Sans hésitation, Drew McDonald qui est notre meilleur joueur et aussi le visage de l’université. Il est senior, originaire de la région et c’est surtout un joueur de basket incroyable. C’est le plus gros talent offensif avec qui j’ai eu l’occasion de jouer. C’est un intérieur qui sait tout faire, il est intelligent et il peut tirer à trois points.

De l’autre côté du terrain, quel adversaire t’a le plus marqué depuis que tu es en NCAA ?

J’ai été particulièrement impressionné par Antoine Davis, freshman à Detroit, qui a battu le record du nombre de trois points sur une saison pour un freshman.
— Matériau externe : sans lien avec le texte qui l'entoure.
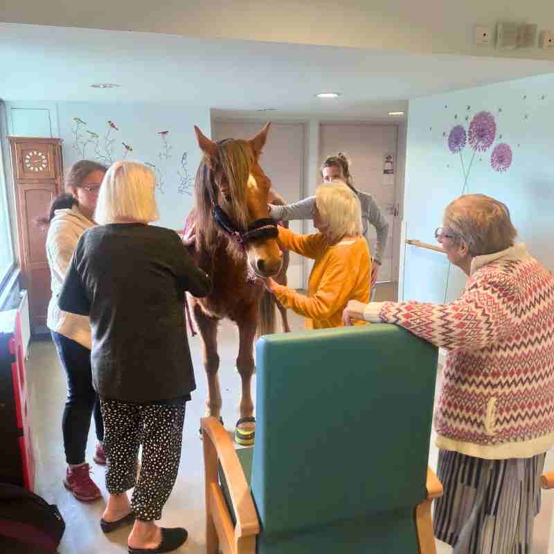 La présence du cheval au sein de l’EHPAD est une expérience unique qui suscite des souvenirs, des émotions et des interactions précieuses. La simple chaleur de son souffle, la douceur de son regard ou encore le contact de sa robe ont éveillé chez certains résidents des souvenirs d’enfance et une envie spontanée de communiquer.
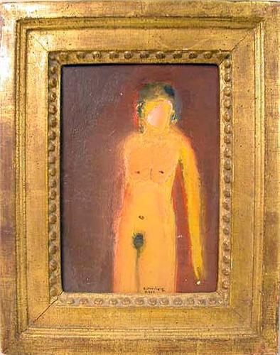 Titled "Silent", signed and dated lc "Rosenborg 1953" (Ralph Rosenborg, 20th C), paper label on verso from Davis Galleries, NYC. Provenance: Descended from the family of Louise Nevelson. 9"h x 6 1/2"w.
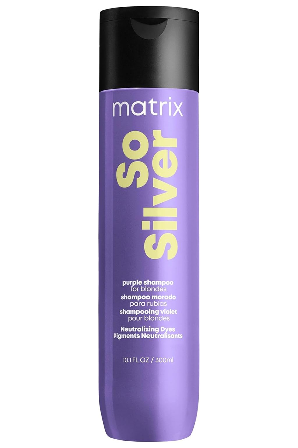 Matrix šampón So Silver 300 ml je profesionálny šampón určený pre blond, šedivé a strieborné vlasy. Jeho špeciálne fialové pigmenty neutralizujú neželané žlté a medené tóny, čím zvýrazňujú chladné odtiene a dodávajú vlasom svieži a žiarivý vzhľad. Šampón jemne čistí, odstraňuje nečistoty aj zvyšky stylingových produktov a zároveň zanecháva vlasy hebké a lesklé. Pravidelné používanie pomáha udržiavať čistý a elegantný farebný efekt bez zažltnutia. Je ideálny pre prírodné aj farbené vlasy a poskytuje salónny výsledok priamo doma.
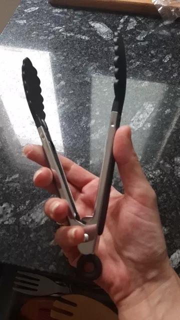 Can't believe I managed without these tongs before. They grip well and are perfect for coated pots.
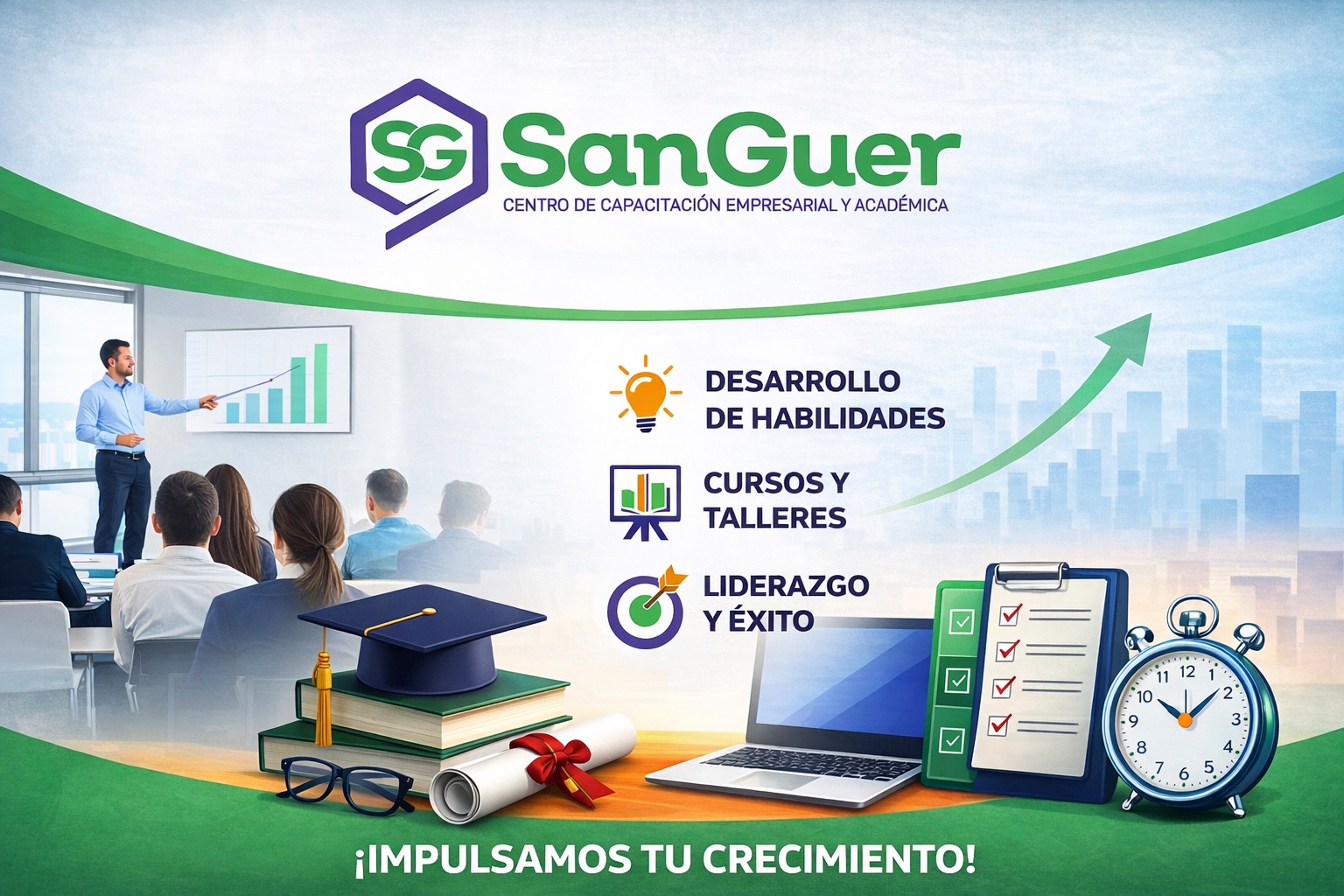Sé parte de Sanguer Cía. Ltda., una empresa dedicada a la asesoría, consultoría y capacitación empresarial y académica, orientada al desarrollo profesional, institucional y humano.
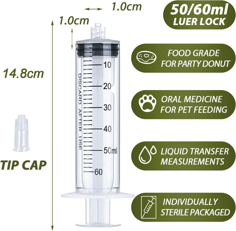 60mL Luer Lock Syringe 4 Pack Large Plastic Sterile Syringes without Needle, for Liquid, Oral, Measurement, Dispensing, with Cap 50mL/60cc Product Details Package Dimensions : 6.26 x 6.14 x 1.34 inches; 4.16 ounces Manufacturer : HiMo Brand: HiMo Material: Plastic Item Volume: 60 Milliliters Sterility Rating: Sterile Unit Count: 4.0 Count 4 Pack 60mL Luer Lock Syringes with standard luer lock tip for all needle.( No needles are included) enough for use or replacement. Each large syringe is made with the same high quality, non-toxic, and pyrogen free material. Each luer lock syringe is individually steriled sealed, clean, safe and sterile, and can be applied for hobby crafts, home, experimental or industrial use Each Syringe with cap can be easy to use and storage liquid. Warm note: the syringes are for industrial use only. 60mL Luer Lock Syringe 4 Pack Large Plastic Syringes without Needle, for Liquid, Oral, Measurement, Dispensing, with Cap

J’ai eu pas mal l’occasion de défendre sur lui et il a énormément de move et il peut vraiment shooter de n’importe où.

Quelle est la salle la plus impressionnante dans laquelle tu as joué ?

Quand on a joué à Cincinnati, l’ambiance était incroyable. La salle était neuve, pleine à craquer, le public réagissait sur chaque action c’était dingue.

Je sais que tu es également un joueur de 3X3 et que tu évolues en équipe de France, as-tu eu l’occasion de pratiquer cette discipline aux USA ?

Non, aux USA ce n’est pas vraiment développé mais maintenant que la discipline est olympique qui sait.

Objectif J.O ?

2020 ça sera court mais oui qui ne rêverait pas de participer aux Jeux Olympiques.

Depuis que tu as quitté la France, y a t-il des choses qui te manque particulièrement ?

Surtout la nourriture, les « trucs » bien français. Les pâtisseries, le pain, le beurre… Heureusement, l’université met pas mal de moyens pour l’équipe de basket donc on mange très bien.

Souhaites-tu partager une anecdote, un moment, une rencontre qui illustre ton expérience aux États Unis ?

Mon premier match dans une salle NBA à Memphis. Tu suis la NBA depuis petit et tu te retrouves à jouer sur un des parquets. C’est dingue. Depuis, j’ai aussi eu la chance de jouer dans la salle des Pistons et des Pacers aussi.

Enfin pour terminer, tu viens tout juste de rentrer en France, quand retournes-tu à Highland Heights et quels sont tes projets d’ici là ?

Je suis à Strasbourg pendant cinq semaines. Ensuite, on entamera les work out de l’été. En août comme la majorité des programmes qui font des séjours à l’extérieur, on part aux Îles Vierges pour rencontrer des équipes locales. Et puis retour sur le campus pour entamer l’année.